Keith Maurik is in a few scenes in Greg and Gentillon, but Keith Carman has a pretty large role, in which he not only shines, but gets across the exact impression I got of him the one time I met him face to face (when Max RNR played the Gaslight Saloon in Regina a few years ago): a sincerely nice guy who plays really loud music.

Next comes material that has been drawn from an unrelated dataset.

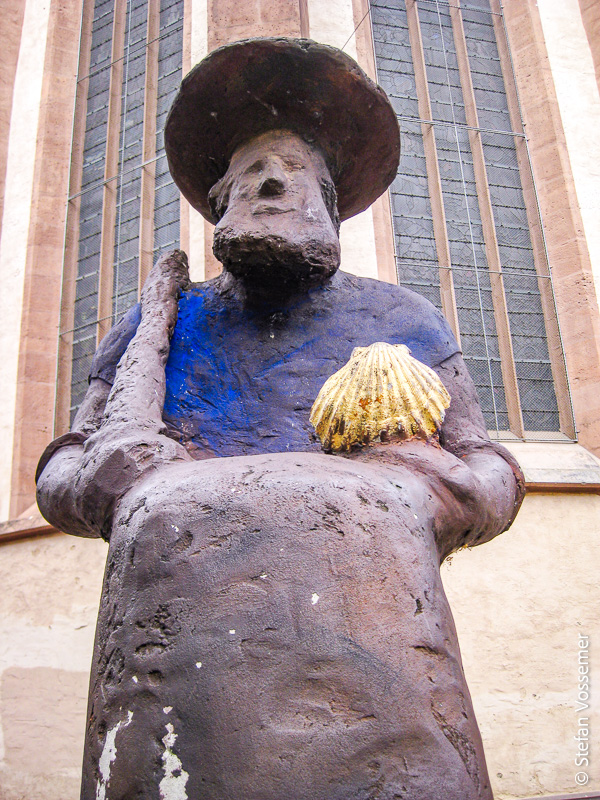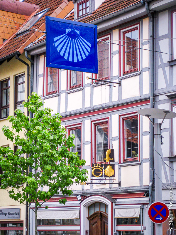 Als ich die Altstadt und damit auch die Jacobikirche erreiche, wird es wirklich kurios! Offenbar steht hier vieles im Zeichen des Jakobsweges. An den Häuserwänden hängen Schilder mit der Muschel, vor der Kirche sitzt eine steinerne Statue, die das Zeichen des Jakobsweges in den Händen hält, und auch vor dem Eingangsportal der Kirche ist eine riesige Jakobsmuschel in den Boden eingelassen (→ SV). Und da ich mir berechtigte Hoffnungen mache, dass der hiesige Pastor mir vielleicht ein paar mehr Informationen geben kann, warte ich geduldig seinen Gottesdienst ab. Das letzte Lied, ein Pilgerlied, widmet er dann sogar dem jungen Mann, der gerade von Hamburg nach Straßburg pilgert. Wir hatten kurz vor Beginn schon miteinander gesprochen. Aber als ich ihn im Anschluss interviewe, ist er nicht einmal in der Lage, mir den weiteren Verlauf des Weges hier durch Göttingen, geschweige denn darüber hinaus, zu zeigen! Das Gleiche gilt natürlich erst recht für eventuelle Unterkünfte im weiteren Verlauf. Dieselbe Erfahrung mache ich dann kurz darauf auch im Touri-Office. Die Frau am Tresen kann mir lediglich erzählen, dass hier häufiger mal Wanderer mit ähnlichen Fragen auftauchen. Nachfrage steigert hier offenbar nicht unbedingt das Angebot!

mp3: "I Hate the Cold" by Maximum RNR

Aside from making Keith Carman look good, and providing lots of laffs (especially the fight in the alley), Greg and Gentillon also, surprisingly, made Toronto look really good. Not as good as the Scott Pilgrim books make it look, but, hmmm, Toronto. It's a city that looks not bad. Of all the outdoor scenes in Hogtown, it only rained once. Something to think about.

In the meantime, Vancouver's not so awful. Unless you count the staggering housing costs and consequential epidemic of homelessness (an aside, Frances Bula's City States blog at the Vancouver Sun website is pretty great). But the Black Angels are coming on June 10, and they're bringing the Warlocks! The Black Angels' new album Directions To See A Ghost is out today for your digital downloading, and will be in finer record stores on May 13. If you liked Passover...

mp3: "Science Killer" by the Black Angels

finally, an update on some bands we've previously covered here at ABWAWBA:

Jesse Matheson and the Midnight Snacks will be releasing their brand new CD Pleasure Pounds this Saturday, April 19 at Rime in Vancouver.

The Fake Fictions will be releasing their brand new CD Krakatoa this Friday, April 18 at the Empty Bottle in Chicago.

If you can make it to both shows, you are well on your way to awesomeness.

Saturday, March 15, 2008

Guess Which City The Quote Refers To!

Here's a fun game (click links for answers):

"Canada's Most Dangerous City?"

"You'd have to be an idiot to buy right now in [city]."

Okay, it's not really that fun of a game, or much of a game at all. But really, what does Regina expect when it hosts its very own crystal meth carnival? Speaking of which, have the Harper Tories been taking their drug war cues from Jack Chick? Their new campaign re: drug lingo is kinda sad (especially the under-equipped "Drug Name Search" function).

mp3: "Barely Friends" by Hayden

Tuesday, March 04, 2008

Cities: Addenda


February's theme here at Bulldozer/Wreckingball was CITIES. Too late we noticed that Caleb Stull of Vancouver's Parlour Steps has posted an interesting essay on his blog regarding The Myth of the Creative City. This is why his band calls themselves thought rock. The Steps have just released their Ambiguoso album in the USA on Nine Mile Records. It's a pretty hot album, full of hot romance, and also "Hot Romance".